Inside the well, \(V = 0\) which simplifies the \(x\) ODE further:

\[\frac{\mathrm{d}^2 f}{\mathrm{d} x^2} + \frac{2mE}{\hbar^2}\,f = 0\]

and therefore has solutions:

\[f(x) = A\,\sin\left(\frac{\sqrt{2mE}}{\hbar}x\right) + B\,\cos\left(\frac{\sqrt{2mE}}{\hbar}x\right)\]

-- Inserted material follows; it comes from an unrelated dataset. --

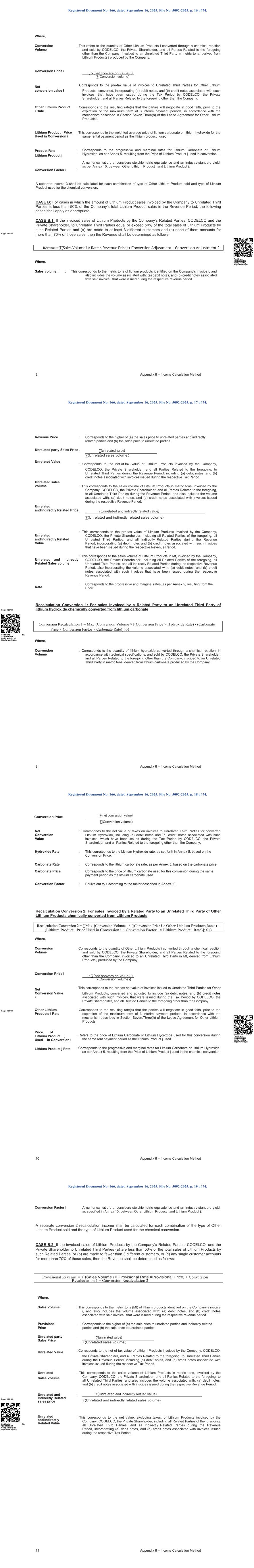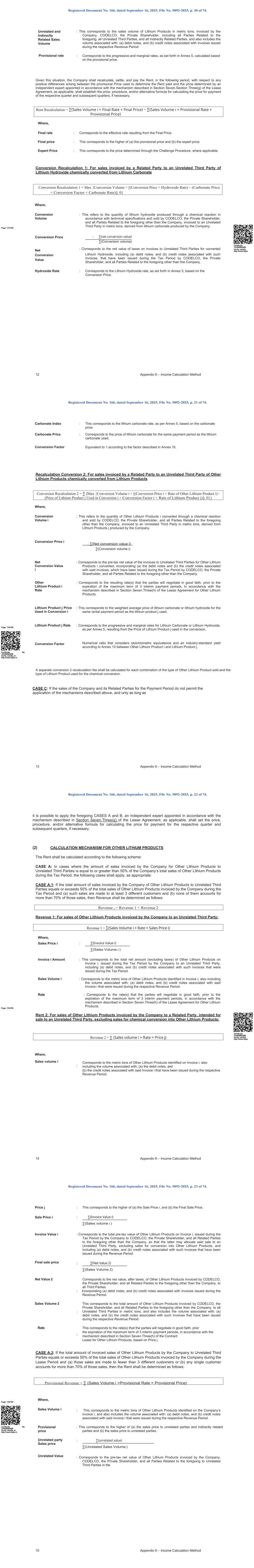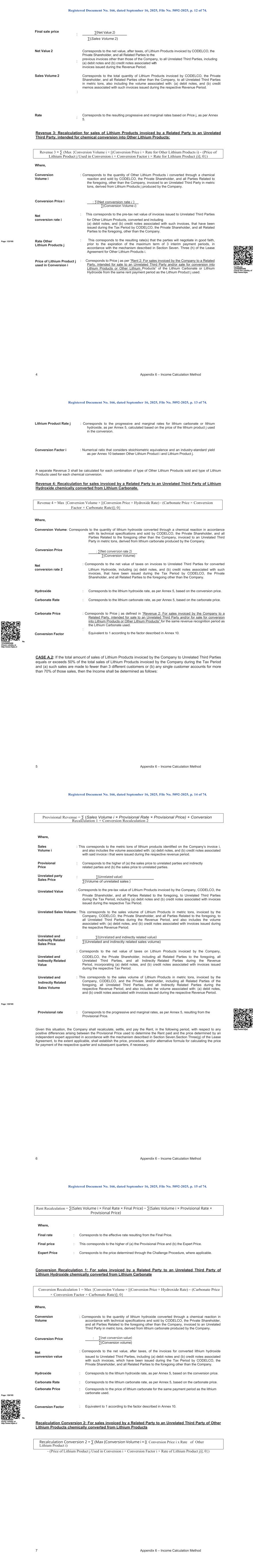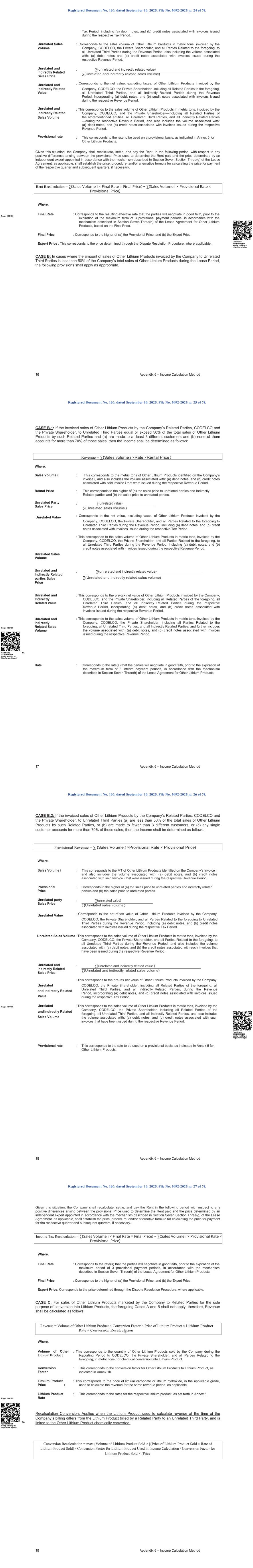 注册文件第166号,日期为2025年9月16日,档案编号5092-2025,第74页第20页。12附录6 –收入计算方法租金重新计算= ∑(销售量i ×最终价格×最终价格)− ∑(销售量i ×暂定价格×暂定价格)转换重新计算1 = Max {转换量× [(转换价格×氢氧化物比率)-(碳酸盐价格×转换系数×碳酸盐比率)];0 }不相关和间接相关的销售量:这对应的是以公吨为单位的锂产品销售量,由公司、CODELCO、私人股东、包括上述所有关联方、所有非关联第三方、所有间接关联方开具发票,并且还包括与以下相关的数量:(a)借方票据,以及(b)与在相应收入期间开具的发票相关的贷方票据。暂定费率:对应累进费率和边际费率,如附件5所述,按暂定价计算。鉴于这种情况,公司应在以下期间就用于确定已付租金的暂定价格与根据第七节所述机制任命的独立专家确定的价格之间产生的任何正差异重新计算、结算和支付租金。租赁协议第三(g)节(如适用)应确定计算相应季度和后续季度的支付价格的价格、程序和/或替代公式(如有必要)。其中,最终利率:对应最终价格产生的有效利率。最终价格:这对应于(a)暂定价格和(b)专家价格中的较高者。专家价格:这与适用时通过质疑程序确定的价格相对应。转换重新计算1:对于关联方向非关联第三方开具发票的由碳酸锂化学转化而来的氢氧化锂的销售,其中,page:131/185转换量:这是指私人股东CODELCO根据技术规范通过化学反应生产并由公司以外的所有前述相关方销售的氢氧化锂的数量,以公吨为单位向非关联第三方开具发票,源自公司生产的碳酸锂。转换价格:∑(净转换价值)证书123456865496净转换价值∑(转换量):对应于已转换氢氧化锂向非关联第三方开具的发票上的税项净值,包括(a)借方票据,以及(b)与此类发票相关的贷方票据,这些票据已由CODELCO、私人股东以及除公司之外的所有与上述相关的各方在纳税期间签发。验证有效性http://www.fojas。氢氧化率:对应于氢氧化锂率,如附件5所述,以换算价格为基础。注册文件第166号,日期为2025年9月16日,档案编号5092-2025,第74页第21页。13附录6 –收益计算方法换算重新计算2 = ∑(Max {换算量i × [(换算价i ×其他锂产品率i)-(换算所用锂产品j的价格i ×换算率i ×锂产品率j)];0 })碳酸盐指数:这对应的是碳酸锂比率,根据附件5,以碳酸盐价格为基础。碳酸盐价格:对应与所用碳酸锂相同付款期限的碳酸锂价格。根据附件10中描述的因子,相当于1的转换因子。重新计算换算2:对于由关联方向非关联第三方开具发票的从锂产品化学转化而来的其他锂产品的销售,其中,换算量i:这是指通过化学反应转化并由私人股东CODELCO和除公司之外的所有与上述相关的各方销售的其他锂产品i的数量,以公吨为单位向非关联第三方开具发票,源自公司生产的锂产品j。转换价格i:∑(净转换价值i)∑(转换量)净转换价值i:对应于I转换的其他锂产品给非关联第三方的发票的税前净值,包含(a)借方票据和(b)与上述发票相关的贷方票据,这些票据已在纳税期间由CODELCO、私人股东以及除公司之外的所有与上述相关的各方签发。其他锂产品i费率:对应各方将善意协商的结果费率,在3个临时付款期最长期限届满前, 根据其他锂产品租赁协议第七.三(h)节所述机制。转换i中使用的锂产品j价格:这对应的是与所使用的锂产品j相同租金支付期的碳酸锂或氢氧化锂的加权平均价格。page:132/185证号123456865496验证有效性http://www.fojas.cl锂产品j率换算系数:对应碳酸锂或氢氧化锂的累进率和边际率,根据附件5,由转换中使用的锂产品j的价格产生。其他锂产品i和锂产品j之间根据附件10考虑化学计量等效性和行业标准产率的数值比率。销售的其他锂产品类型和用于化学转化的锂产品类型的每一组合应分别计算转换2重新计算费。CASE C:如果公司及其关联方在付款期的销售不允许应用上述机制,并且只要注册文件第166号,日期为2025年9月16日,文件编号5092-2025,第74页第22页。14附录6 –收入计算方法收入a =收入1 +收入2收入1 = ∑(销售量i ×率×销售价格i)可以适用上述情况A和B,即根据第七节所述机制任命的独立专家。租赁协议三(g)(如适用)应确定相应季度和后续季度的价格、程序和/或计算价格的替代公式(如有必要)。(二)其他锂产品的计算机制租金按以下方案计算:案例A:公司就其他锂产品向非关联第三方开具的销售发票金额等于或大于公司该纳税期间其他锂产品销售总额的50%的情形,适用以下情形,视情况:CASE A.1:如果公司向非关联第三方开具发票的其他锂产品销售总额等于或超过公司在纳税期间开具发票的其他锂产品销售总额的50%且(a)该等销售是向至少3个不同的客户进行且(b)这些客户均不占该等销售的70%以上,则应按以下方式确定收入:收入1:对于公司向非关联第三方开具发票的其他锂产品销售:凡,销售价格i:rans(发票价值i)rans(销售量)发票i金额:这对应于公司在纳税期间向非关联第三方开具的发票i上的其他锂产品的总净额(不含税),包括(a)借方票据,以及(b)与在纳税期间开具的此类发票相关的贷方票据。销量i:对应于发票i中确定的其他锂产品的公吨,还包括与以下相关的销量:(a)借方票据,以及(b)在相应的收入期间签发的与上述发票i相关的贷方票据。Page:133/185费率:对应于根据《其他锂产品租赁协议》第七节所述机制,在3个临时付款期的最长期限届满之前,各方将本着诚意协商的费率。三(h)。租

At the boundaries of the well, \(x = 0,\,L\), we find an infinite potential \(V\) which is usually problematic for a physical system, however if we make \(\Psi(0,t) = \Psi(L,t) = 0\), then this can be fixed and this gives us the relevant boundary conditions:

\[\begin{split}f(0) &=& A(0) + B(1) = 0 \Rightarrow B = 0\\ f(L) &=& A\,\sin\left(\frac{\sqrt{2mE}}{\hbar}L\right) + B\,\cos\left(\frac{\sqrt{2mE}}{\hbar}L\right) = 0\end{split}\]

and hence

\[\sin\left(\frac{\sqrt{2mE}}{\hbar}L\right) = 0 \Rightarrow \frac{\sqrt{2mE}}{\hbar}L = n\pi,\,n \in \mathbb{N}\]

which means that there are energies \(E\) of the form:

\[E_n = \frac{\hbar^2\,\pi^2\,n^2}{2m\,L^2},\,n \in \mathbb{N}\]

and the expressions for the different wave function solutions are given by:

\[\frac{\sqrt{2mE}}{\hbar} = \frac{n\pi}{L} \Longrightarrow f(x) = A\,\sin\left(\frac{n\,\pi\,x}{L}\right),\,n \in \mathbb{N}\]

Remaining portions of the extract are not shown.